The port annually produces $436 million in business revenue; and $409 million in personal income for the state and the region. It’s responsible for 5,900 jobs and generates $41 million in annual taxes.

It handles about 400 vessels annually with an import/export cargo tonnage of more than 6 million tons. The Port of Wilmington is the United States’ leading port for imports of fresh fruit, produce, and juice concentrate, and it is the world’s largest port handling bananas. In fact, it handles more than 200,000 TEUs carrying fresh fruits and concentrates each year.

During the winter, the Port of Wilmington receives table grapes, peaches, plums, applies, nectarines, pears, and other fruits from Chile. In the spring, fresh apples, pears, and kiwifruit arrive from New Zealand and Chile. In the fall, Moroccan clementines arrive.

Wilmington is located at the heart of the East Coast, just minutes from major highways, providing shippers with overnight access to major markets.  

Because of its location, the port plays a vital role for produce companies throughout the East Coast, providing quick and easy access to a huge consumer market.

The owners of the port are looking to expand, with plans in motion of redeveloping the Chemours Edgemoor industrial site in Edgemoor, DE as a shipping container site with Gulftainer. The state has granted permits to allow for a 112-foot wide by 2,600-foot long wharf to be built, along with dredging the berth and access channel 45 feet below mean low water, and installing 3,200 feet of bulkhead along the shoreline.
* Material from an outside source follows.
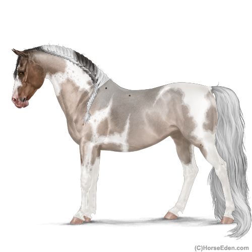 Color: Mahogany Bay Roan Dun Tobiano Splash White
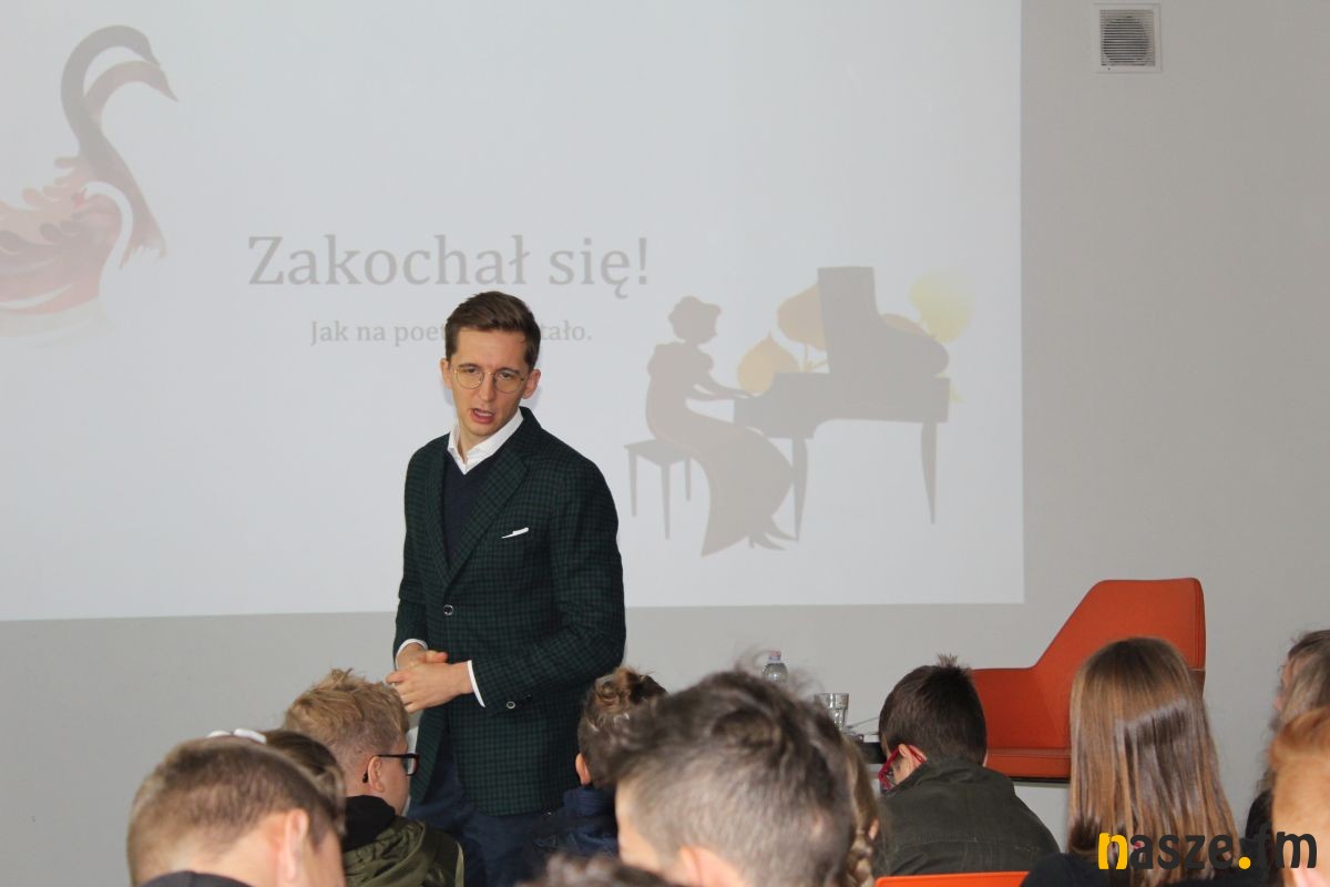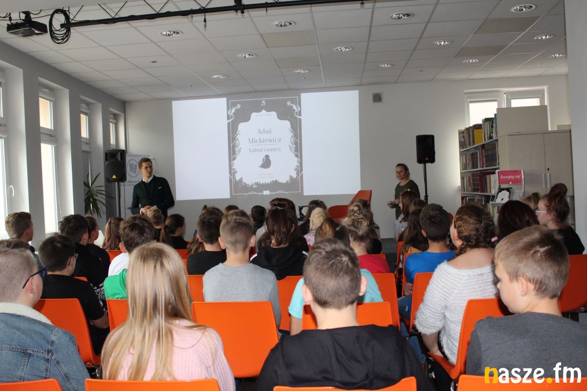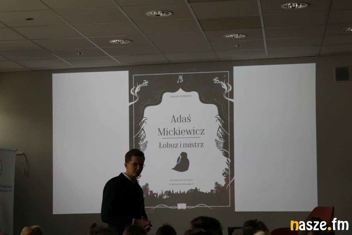 Gość biblioteki m.in opowiedział młodym czytelnikom o swojej powieści zatytułowanej "Adaś Mickiewicz. Łobuz i mistrz". To nietypowa biografia naszego wieszcza będąca swego rodzaju podróżą po innych czasach. Jakub Skworz przedstawił życie Mickiewicza od kulis, jego awanturniczą młodość, świat, w którym dorastał. W spotkaniu uczestniczyli uczniowie Szkoły Podstawowej nr 9 z Oddziałami Integracyjnymi w Zduńskiej Woli.

This will allow a facility to hold a capacity for 1.2 million container slots, with upward of 4,000 plus being refrigerated.

Expansion is needed because the port is doing record business and seeing more ships come in than ever before.

Manfredi Cold Storage of which of Kennett Square, PA and Pedricktown, NJ, reports the Port of Wilmington experienced an increase in cargo moving through the past two years.